South Lake Tahoe City Council aligns code on recreational marijuana with state law |

South Lake Tahoe City Council aligns code on recreational marijuana with state law

Claire Cudahy
Residents in South Lake Tahoe (and across California) can grow up to six plants in their residence.
Getty Images / iStockphoto

Move over ficus, there’s a new houseplant in town.

South Lake Tahoe City Council took the necessary steps Tuesday to bring city codes on residential cultivation of marijuana up to compliance with state law. In short, anyone 21 years or older can grow up to six cannabis plants in their residence or a locked greenhouse, no permit necessary (though renters do need permission from the landlord).

City Attorney Tom Watson presented amendments to the residential medical marijuana cultivation code, brought forth by Prop. 215, to reflect the changes voted in for recreational cultivation by Prop. 64 in November. After a discussion with council that clarified this would not — in any way — allow the commercial sale of recreational marijuana, council approved the changes unanimously.

“Our current ordinance that exists today allows for 200 square feet of [medical] marijuana grow in a residential home in a residential neighborhood by permit only,” explained Watson. “We are making the change to eliminate the permit requirement, eliminate the 200 square foot requirement, and allow any individual in a residential facility, residential home, to grow six plants consistent with Prop 64.”

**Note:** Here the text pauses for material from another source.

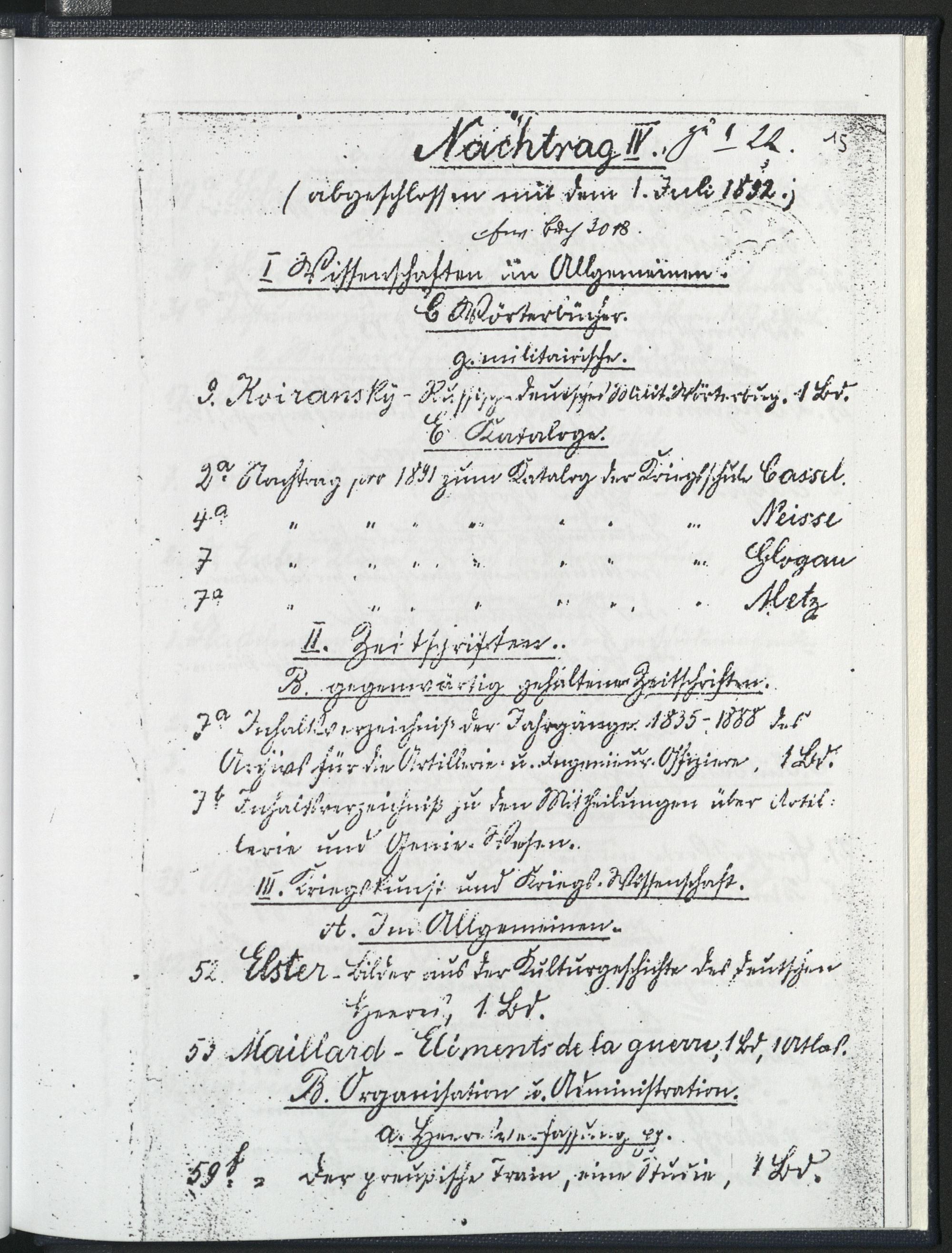 III. Kriegskunst und Kriegswissenschaften.

Cody Bass, executive director of the medical marijuana dispensary Tahoe Wellness Cooperative, voiced concerns over the amendments to residential medical marijuana cultivation.

“I do have concerns with the way that the ordinance is being amended to the fact that we are striking out medical and just leaving marijuana in place there. I think it should be understood that Prop 215 is still on the books as a valid law and there are a lot of unknowns right now on how these two laws will work together, if at all,” expressed Bass.

“[Medical marijuana patients] are allowed to have whatever their doctor says they can have — they can have over six plants.”

The amended city code — which lumps together residential medical and recreational marijuana cultivation — now states that permit holders for residential medical marijuana cultivation in South Lake Tahoe have a year to reduce their grow from 10 percent of the dwelling’s square footage (capped at 200 square feet) down to six plants.

Two of these permit holders — there are currently only three in the city — came forward at the council meeting to say they believe there should be permitting requirements for residential medical marijuana cultivation, especially because for many patients, six plants is not enough.

“I think we need to make permits available for medical patients. These laws don’t necessarily work for both. I’m a medical patient; I have a permit [to grow]. Six plants is not going to do it for me, personally,” said Matt Buckingham, who has a doctor’s prescription for up to 99 plants, though he said he currently has closer to 30.

No actions were taken on the issue of regulating medical versus recreational cultivation, though Bass offered to help council going forward when it comes to developing policies.

The discussion on whether or not the city will allow, limit or prohibit the commercial sale and cultivation of recreational marijuana come Jan. 1, 2018, will take place sometime in the near future, but no set date was mentioned at the council meeting.

“We are waiting to understand the law better. Once we do that, we will be having discussions,” said Mayor Austin Sass.